According to a report of the stakeholder expert group on future transport fuels, of which EFOA is a member, alternative fuels have the potential to gradually replace fossil energy sources,contributing to decarbonising transport.
Because of their many benefits, EFOA believes that fuel ethers are part of the solution for the long-term objective of the European Union on CO2 emissions.
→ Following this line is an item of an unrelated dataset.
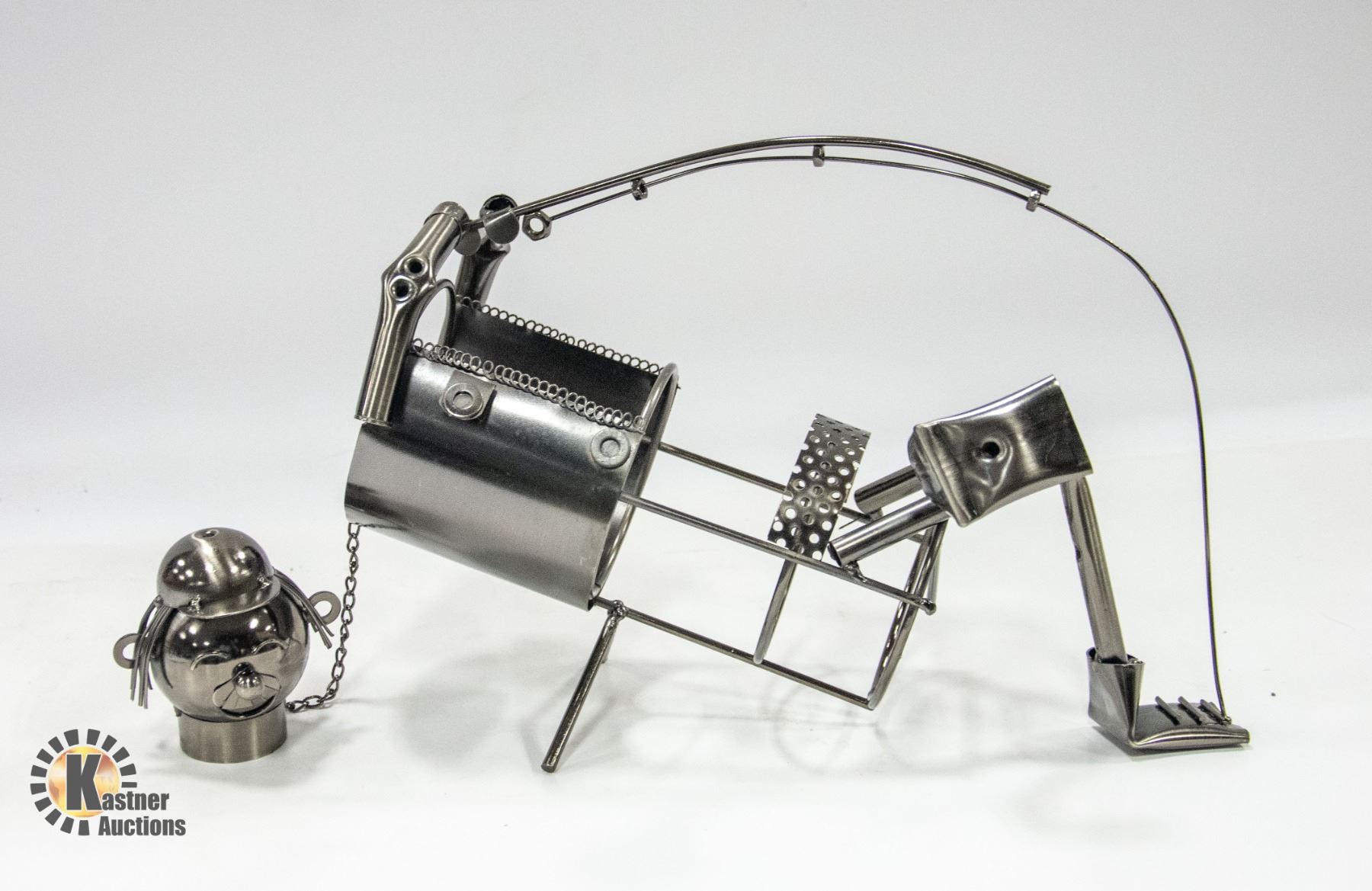 METAL DECORATIVE FISHERMAN WINE BOTTLE HOLDER

Indeed, the European Union wants to reduce its overall CO2 emissions by 80-95% by 2050. Fuel ethers have many properties which make them excellent gasoline components for cleaner and sustainable fuels.
- Fuel ethers enable the use of biofuels by enhancing the properties of bio-ethanol used in their production.
- Fuel ethers are high octane, oxygen-containing substances. Adding fuel ethers to gasoline allows a more complete combustion of the fuel, leading to a reduction of exhaust emissions of toxic compounds and, critically, a reduction of greenhouse gas emissions.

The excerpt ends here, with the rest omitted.